**EXERCISE**
Once "Ceramic Ashtray Nordic" turns up in a line below, reproduce that line and those after it exactly, stopping after the line with "Cinturón con cierre"; leave pictures out.

Data items
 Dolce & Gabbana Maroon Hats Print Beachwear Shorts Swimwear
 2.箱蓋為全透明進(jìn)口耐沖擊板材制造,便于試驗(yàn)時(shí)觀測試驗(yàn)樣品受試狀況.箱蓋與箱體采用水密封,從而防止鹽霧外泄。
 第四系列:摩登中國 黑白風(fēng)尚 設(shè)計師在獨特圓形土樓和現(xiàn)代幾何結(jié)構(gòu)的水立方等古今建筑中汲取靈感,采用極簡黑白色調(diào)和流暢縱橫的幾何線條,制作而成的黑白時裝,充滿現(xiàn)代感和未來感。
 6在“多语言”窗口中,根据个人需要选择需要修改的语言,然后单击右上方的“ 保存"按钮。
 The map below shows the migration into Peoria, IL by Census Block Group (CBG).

--

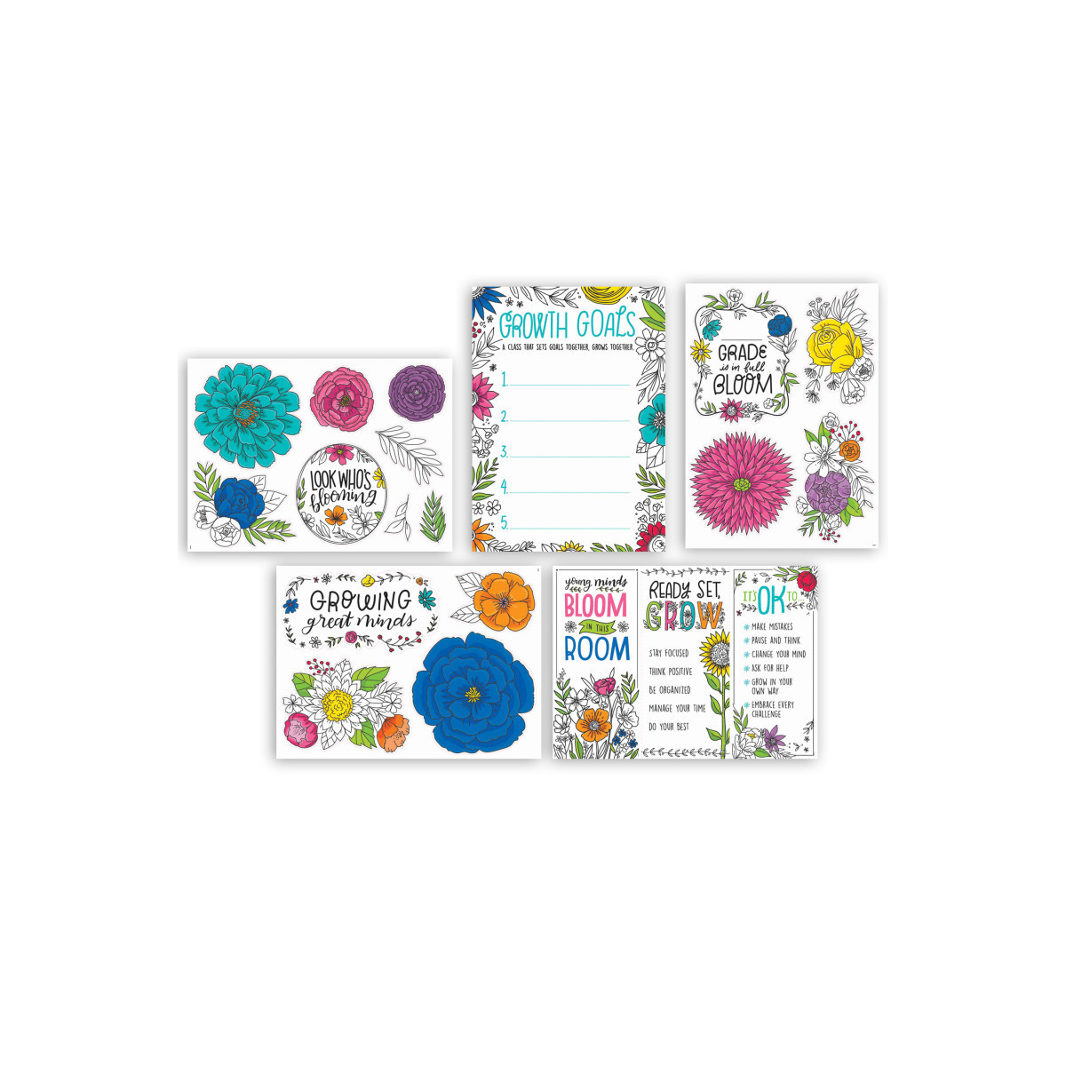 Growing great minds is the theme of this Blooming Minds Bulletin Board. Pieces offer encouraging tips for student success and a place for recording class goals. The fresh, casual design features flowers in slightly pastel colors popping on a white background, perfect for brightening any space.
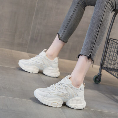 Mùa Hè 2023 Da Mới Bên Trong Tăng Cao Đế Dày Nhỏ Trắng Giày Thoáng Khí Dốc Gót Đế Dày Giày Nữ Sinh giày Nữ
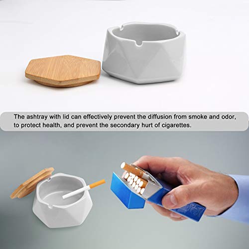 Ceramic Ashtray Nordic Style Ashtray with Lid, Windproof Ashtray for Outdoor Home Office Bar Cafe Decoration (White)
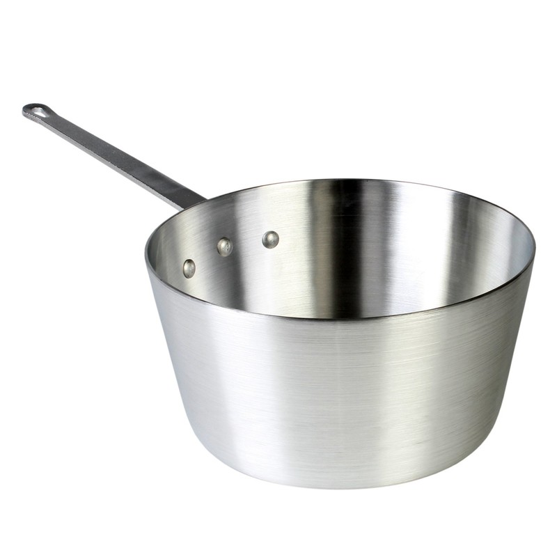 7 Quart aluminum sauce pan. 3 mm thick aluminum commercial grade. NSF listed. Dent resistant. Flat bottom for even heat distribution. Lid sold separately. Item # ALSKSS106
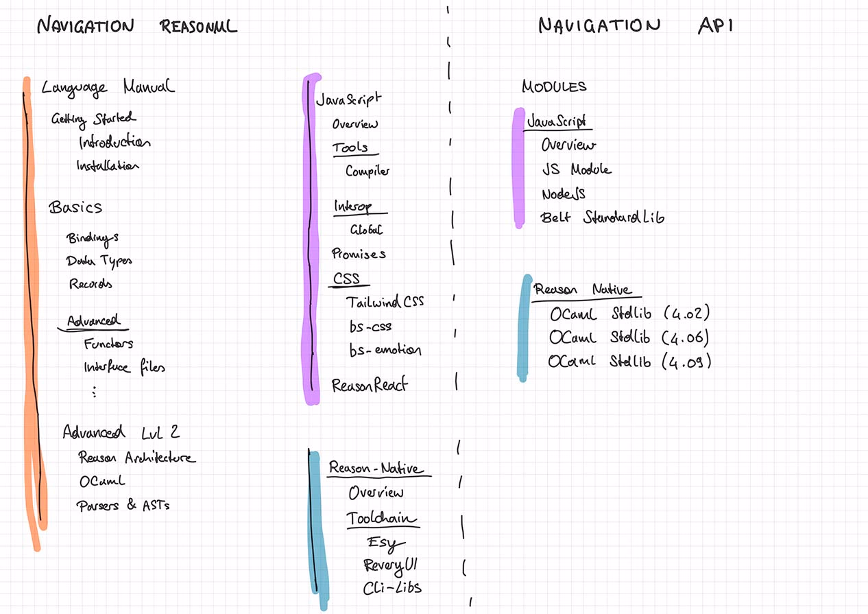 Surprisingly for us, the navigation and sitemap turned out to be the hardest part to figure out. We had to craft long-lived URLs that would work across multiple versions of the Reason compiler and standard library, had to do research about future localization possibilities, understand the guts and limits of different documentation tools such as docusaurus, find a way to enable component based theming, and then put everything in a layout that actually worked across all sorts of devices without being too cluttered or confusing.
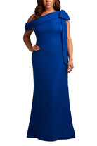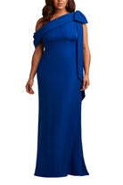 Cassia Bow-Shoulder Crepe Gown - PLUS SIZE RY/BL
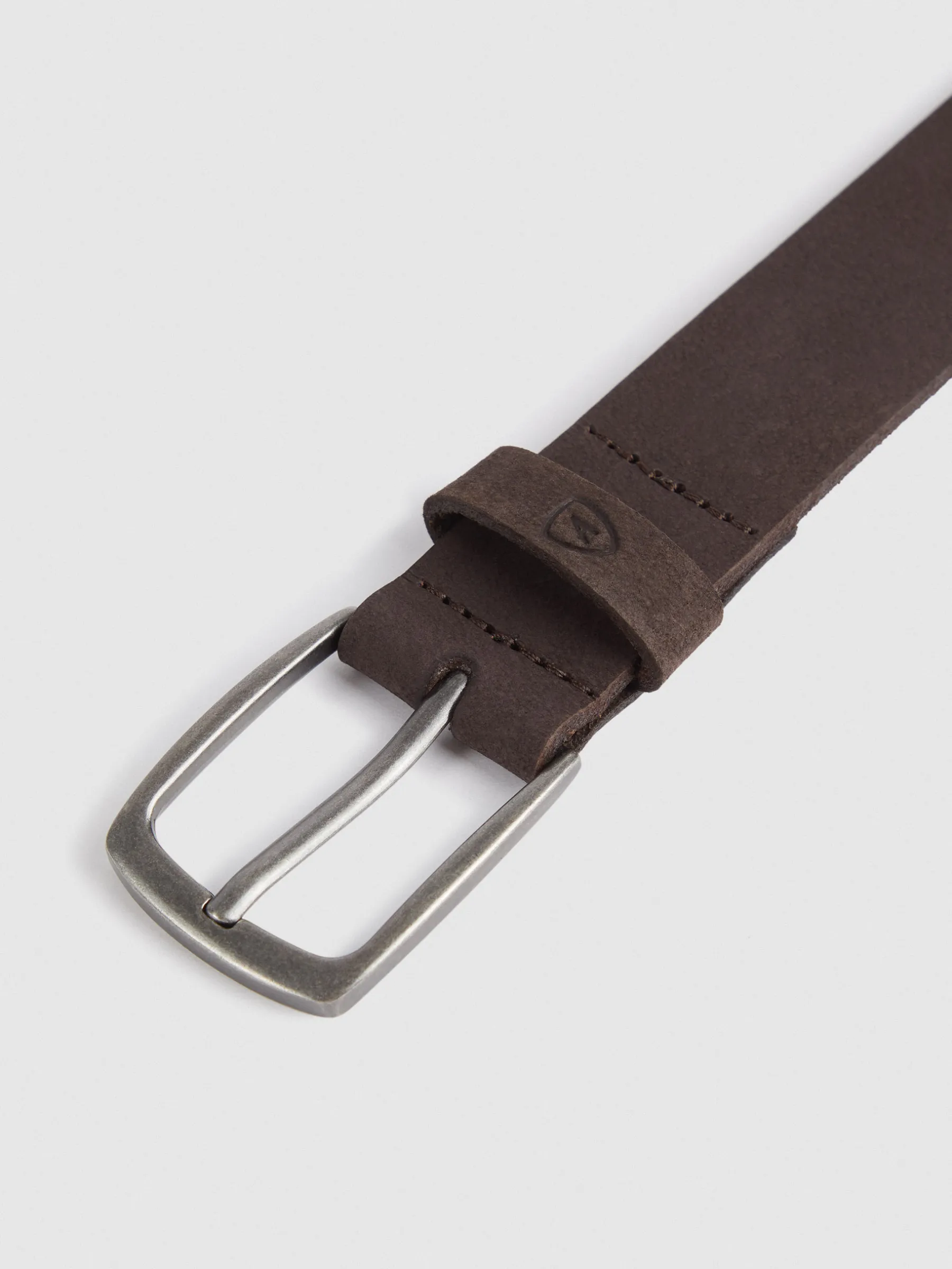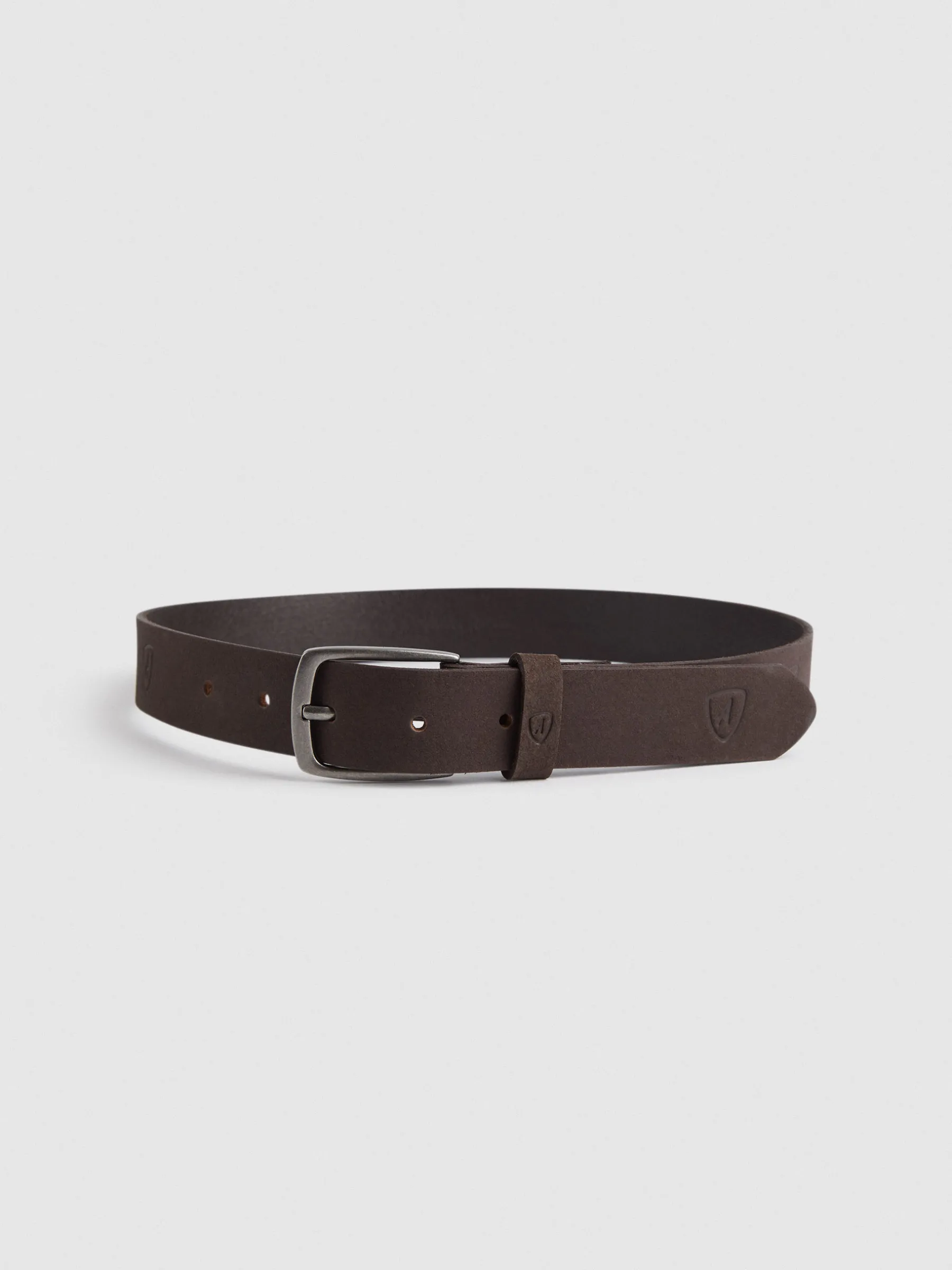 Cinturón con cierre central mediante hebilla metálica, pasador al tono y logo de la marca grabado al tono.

**YOUR RESPONSE**
 Ceramic Ashtray Nordic Style Ashtray with Lid, Windproof Ashtray for Outdoor Home Office Bar Cafe Decoration (White)
 7 Quart aluminum sauce pan. 3 mm thick aluminum commercial grade. NSF listed. Dent resistant. Flat bottom for even heat distribution. Lid sold separately. Item # ALSKSS106
 Surprisingly for us, the navigation and sitemap turned out to be the hardest part to figure out. We had to craft long-lived URLs that would work across multiple versions of the Reason compiler and standard library, had to do research about future localization possibilities, understand the guts and limits of different documentation tools such as docusaurus, find a way to enable component based theming, and then put everything in a layout that actually worked across all sorts of devices without being too cluttered or confusing.
 Cassia Bow-Shoulder Crepe Gown - PLUS SIZE RY/BL
 Cinturón con cierre central mediante hebilla metálica, pasador al tono y logo de la marca grabado al tono.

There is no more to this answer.